Deep-sea recovery specialist Odyssey Marine Exploration is continuing its efforts to salvage 240 tons of silver bullion from the sliced open hull of the 412-foot S.S. Gairsoppa, a British merchant steamship that was sunk by Nazi U-boat torpedoes on February 17, 1941. The exact location of the wreck had been a mystery until 2011, when it was discovered about about 300 miles southwest of Galway, Ireland.
The ship descended to its watery grave within 20 minutes of being hit, and has rested three miles beneath the surface in the North Atlantic Ocean ever since. Recent technological breakthroughs in deep-water salvage had made the recovery project viable.
“Our capacity to conduct precision cuts and successfully complete the surgical removal of bullion from secure areas on the ship demonstrates our capabilities to undertake complicated tasks in the very deep ocean," stated Greg Stemm, Odyssey chief executive officer.
The vessel's silver is the heaviest and deepest precious-metal cargo ever retrieved from a shipwreck, according to Odyssey.
Startling images from the early retrieval efforts, which started in May 2012 and will continue through October, revealed row after row of immaculate silver bricks stacked neatly as if time had stood still for 71 years. In July, Odyssey had announced that 48 tons of silver (1,203 silver bars) had been pulled from the ship using sophisticated robotics.
Because the Gairsoppa was a British merchant ship, the recovery project is being conducted under contract with the United Kingdom Department for Transport. Odyssey will retain 80% of the value of the Gairsoppa silver cargo after recovering its expenses.
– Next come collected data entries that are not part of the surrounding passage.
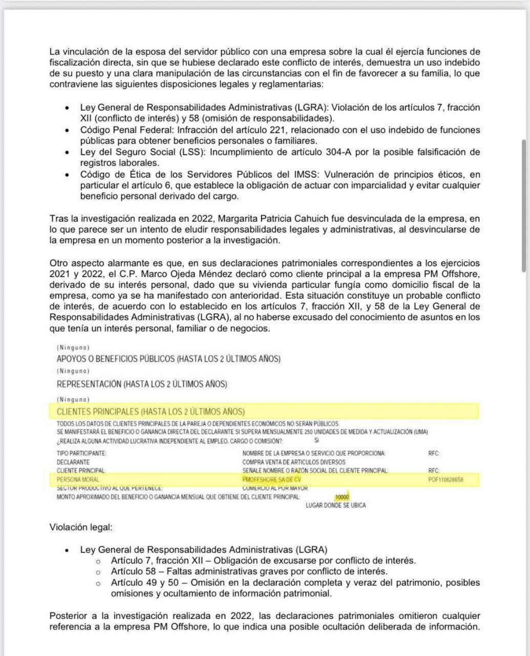 De acuerdo con el expediente presentado, funcionarios del IMSS habrían favorecido a empresas fachada vinculadas con personal administrativo, mediante contratos simulados y adjudicaciones irregulares. Estas prácticas, que vulneran la Ley General de Responsabilidades Administrativas, se habrían normalizado bajo redes internas de complicidad.
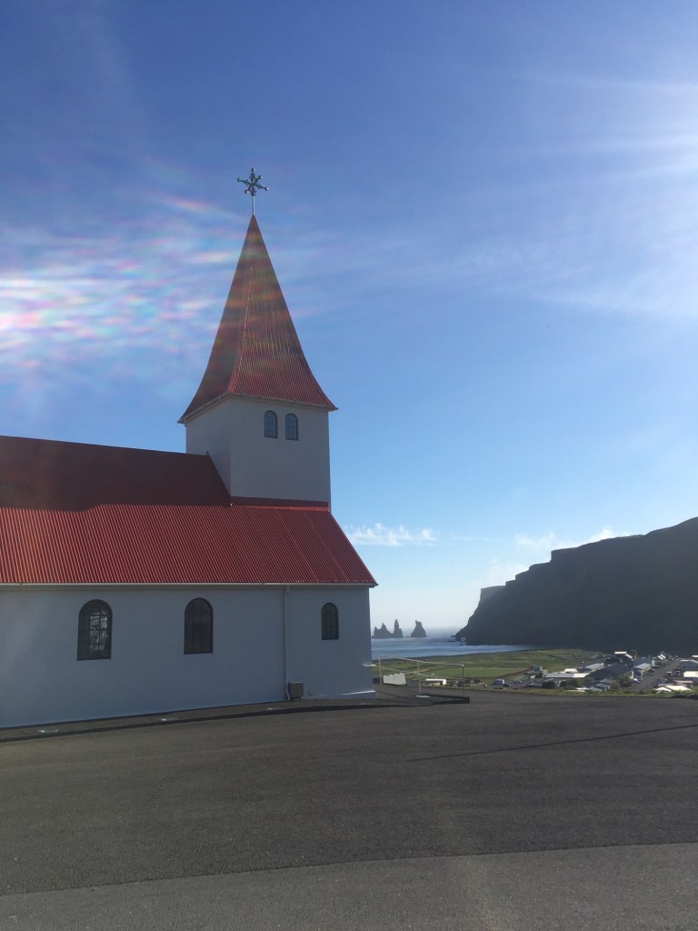 As we approached Vik, we saw a red-roofed church on a hill, bright and white in the deepening twilight. It was nearing midnight, and when we pulled up to the campground, we realized reception had closed at 11 pm. Oh well. We’d just pay in the morning. We found an empty spot, plugged in, set up the beds, and fell asleep.
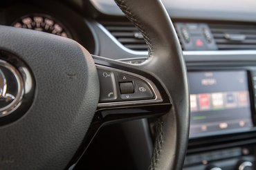 Légzsák szerencsére nem nyílt, így a belsejéhez nem kellett nyúlni. A belső egyébként rezonál a külsőre, merthogy az is nagyon egyszerű. Az alacsonyabban felszerelt kivitelek bele sivárabb, itt azért a bőr kormány és a nagy, érintőkijelzős központi egység feldobják az összképet. A klímakonzolt hála az égnek itt még nem érte el az érintősítés réme, bőszen tekergetheti a tekerőket és nyomkodhatja a nyomkodnivalókat bárki, aki hármas Octaviát vesz.
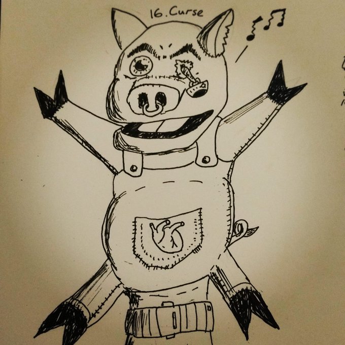 #Magictober 16: Curse. "Hi, I'm Ham Hock! Let's sing a song! # This is the song that never ends...#" The Fool fought to rip the puppet from his hand. His mind screamed but only the damned song was to be heard, forever looping. #Inktober #MTGMidnight #MTGInnistrad #DrawAndCreate
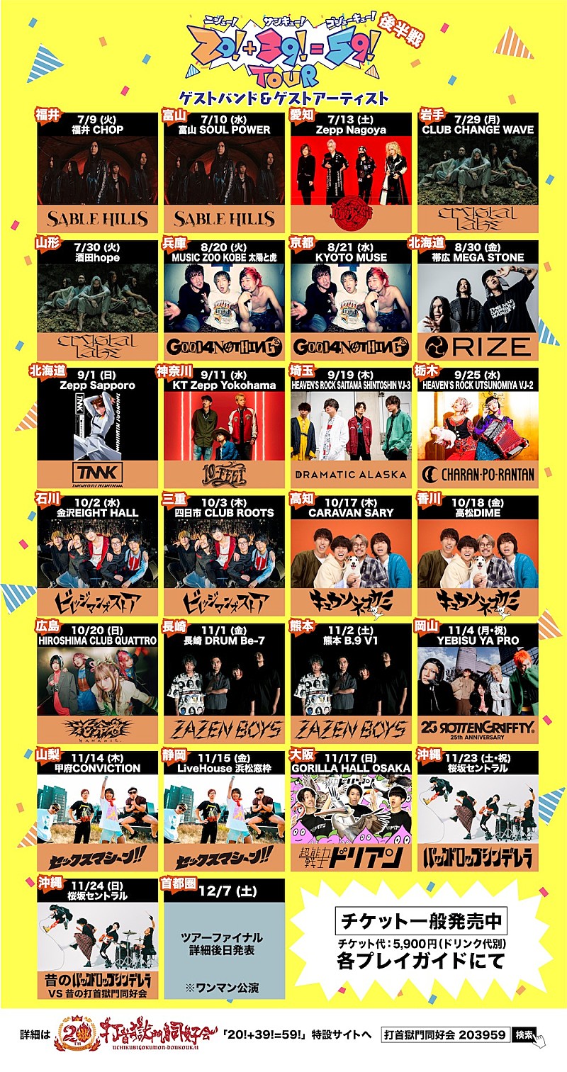 打首獄門同好会が、2024年に結成20周年プロジェクトのうち、当初の予定通りに行えなかった行程があったことを顧みて、新たに2本のライブを発表した。 1本目は、HIROSHIMA CLUB QUATTROでの花冷え。を招いたツーマンライブだ。…
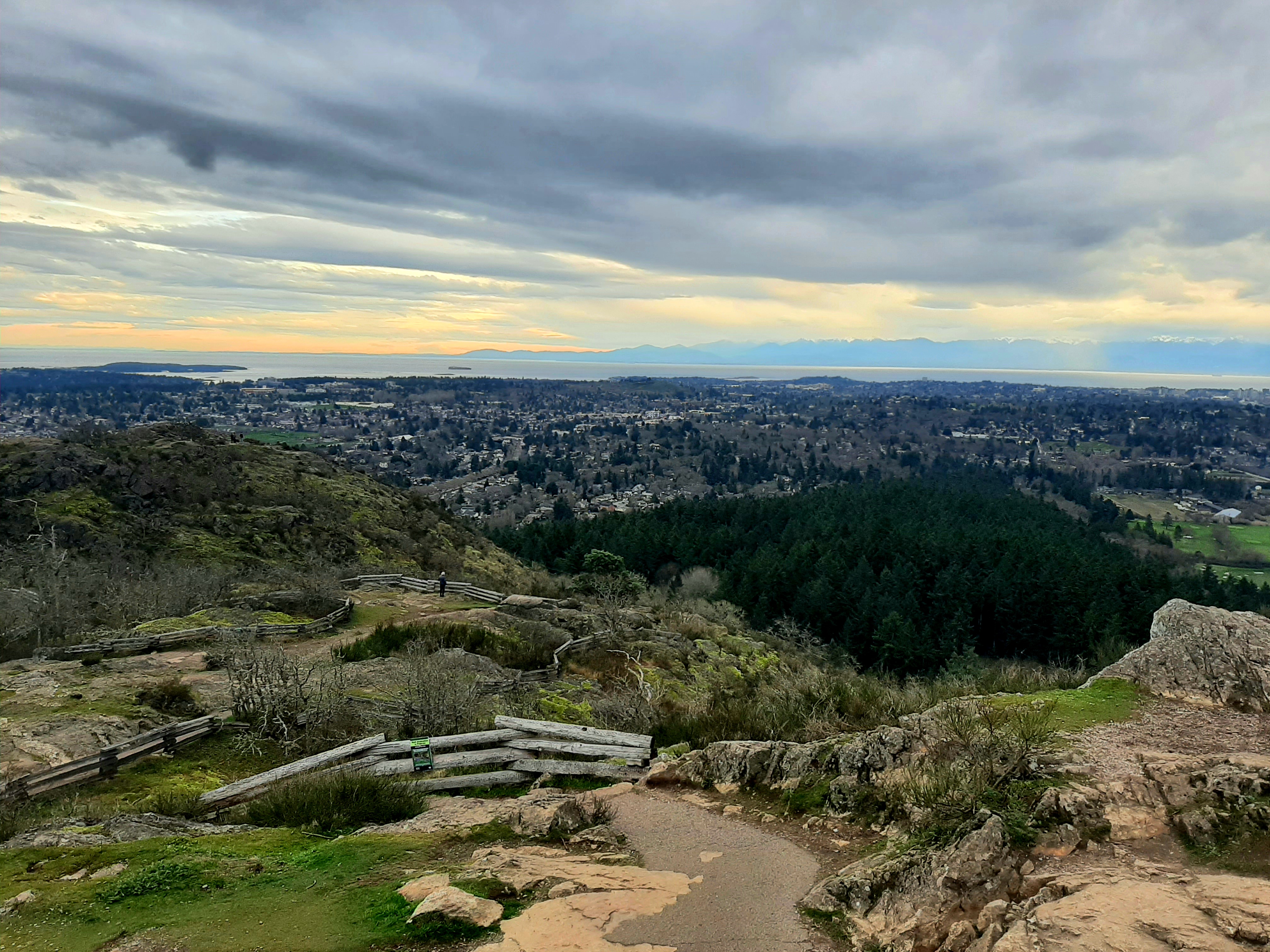I recommend climbing to the summit of this mountain first, as it’s shorter in height between two. The view at the top offers a spectacular vantage of Victoria itself with the Salish Sea and Olympic mountains providing a beautiful backdrop. This is a popular spot among locals, and for good reason. When you’re here you get to take in the views, experience an awesome photo opt, nature walk, and even have a chance to read a sun dial if you like.
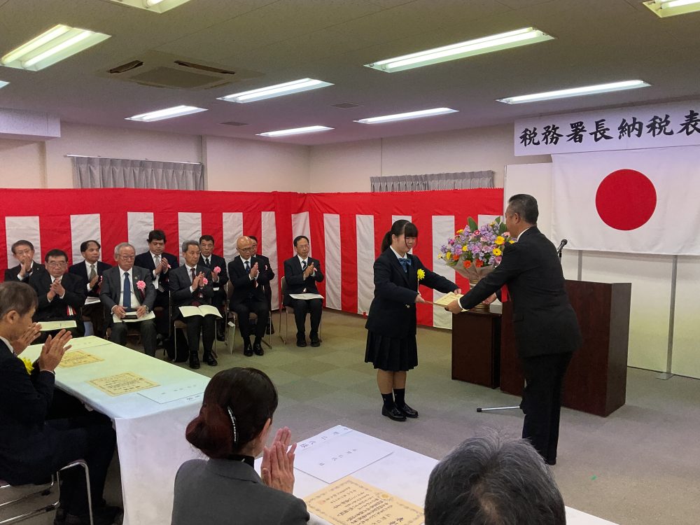 14日、諏訪税務署(諏訪市)において、国税庁主催「税に関する高校生の作文」の表彰式が行われました。本校から6名が入選しており、このたび「諏訪税務署長賞」に入選した2名に対する表彰式が先に挙行され、諏訪税務署長から賞状・副賞が授与されました。表彰式では生徒が自らの作品を朗読、会場の人々がしきりにうなずく場面が見られました。
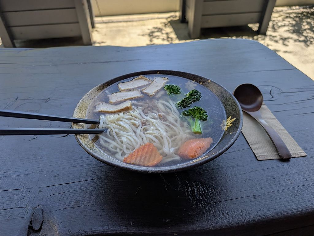 Contrary to the previous review, there seems to be numerous vegan options, having asked the people behind the counter. The photo is of the lucky noodle soup, somewhat basic, but not bad for a lunch. Many of the other things I saw people eating looked more vibrant and tasty.
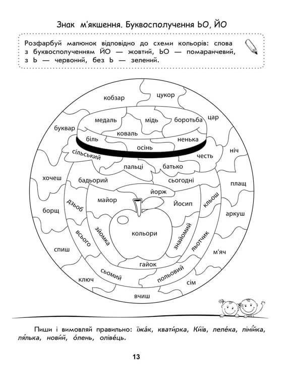 ВІДПОВІДАЄ КОНЦЕПЦІЇ НОВОЇ УКРАЇНСЬКОЇ ШКОЛИ. Тренажер-розмальовка - це сучасне навчання методом гри та ціла колекція веселих малюнків для першокласників. На кожній сторінці книги подано окрему тему відповідно до оновленої програми початкової школи. Тренажер спонукає дитину до усвідомленого закріплення теоретичної бази і пошуків правильної відповіді. Результатом роботи над завданням буде яскравий малюнок. Завдання тренажера направлені на активізацію зорової пам'яті та формування навичок роботи олівцем. Здається, ніби це лише гра, але непомітно для себе дитина починає звертати увагу на деталі, швидше знаходити закономірність, відчувати відтінки слова. Завдяки цьому тренажеру ваша дитина зможе опанувати такі теми: українська абетка; букви і буквосполучення; поділ слів на склади; антоніми, синоніми; апостроф; знак м'якшення; правила переносу; правопис слів з малої та великої літери; наголос.| ISBN | 978-617-7385-08-9 |
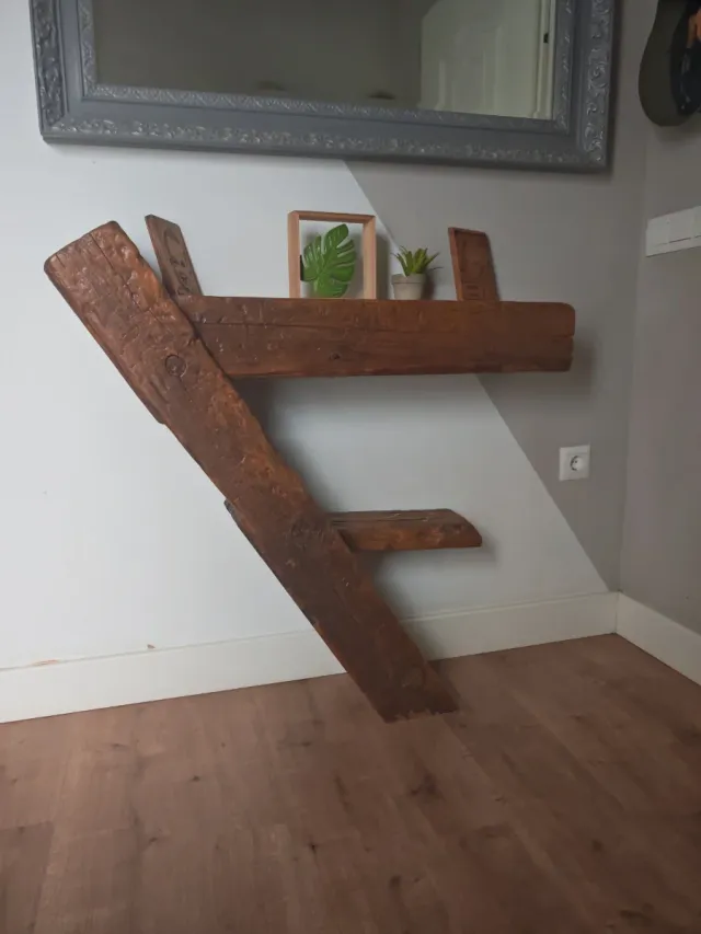 Aparador de madera rústico hecho a mano con vigas

According to Odyssey, during the WWII, the U.K. government insured privately owned cargo under its War Risk Insurance program. After making an insurance payment of approximately £325,000 (1941 value) to the owners of the silver cargo lost aboard the Gairsoppa, the U.K. government became the owners of the insured cargo. There may have been additional government-owned silver cargo aboard that would have been self-insured.